3. Run `run_stan_models.py`.
This compiles and runs the `stan` model in `model.stan`. Running all models can quite some time, since it has to be run for 11 different GEVs, for 4 different indicators, for 5 folds, testing both review and citation scores, totalling to 440 different models.
**Note**: All scripts are assumed to be run from within the `src` directory.
4. Run `transform_fit_results.py`.
This transforms the results from the various GEVs and all folds to a more convenient format for further analysis. Additionally, it also translates identifiers used in the `stan` model (which have to be consecutively numbered: 1, 2, ...) to identifiers from the actual VQR dataset.
5. Run analysis scripts:
- `analyse_test_results.py`: produces the posterior test results, in particular the scatter plots of all predictions versus the observed scores (Figs. 4--7).
- `analyse_train_results.py`: produces posterior predictive check results, and results for the parameter estimates (Figs. 8--10, S1, S2).
- `analyse_MAD.py`: produces the MA(P)D results and the distribution of the average absolute differences (Figs. 11--15).There are number of results that do not depend on the `stan` model, and can be run separately. These are
- `analyse_post_hoc_stratification.py`: produces the post-hoc stratification analysis of the percentage of outputs per institution (Fig. 1).

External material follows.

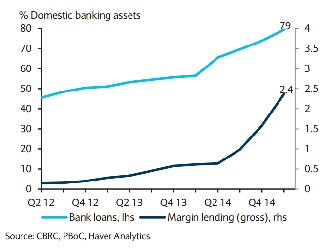 We also find few signs of contagion to the Chinese banking sector. Although margin financing provided by securities firms and the 'shadow financing' sector played a role in the equity run-up, the total financing provided seems to be around 6trn yuan. By contrast, the Chinese banking sector has over 100trn yuan in assets, with very little margin lending exposure; the bulk is bank loans.

- `analyse_missing.py`: produces the results of how many publications are missing reviewer scores in the various GEVs (Fig. 2).
- `model_illustrations.py`: produces the figures to illustrate the model, and to showcase the expected MAD for multiple reviewers (Fig. 3, Fig. 16).If you want to experiment with the `stan` model, it might be useful to test the model separately, instead of having to run the `run_stan_models.py` entirely. You can do so using `test_stan_model.py`.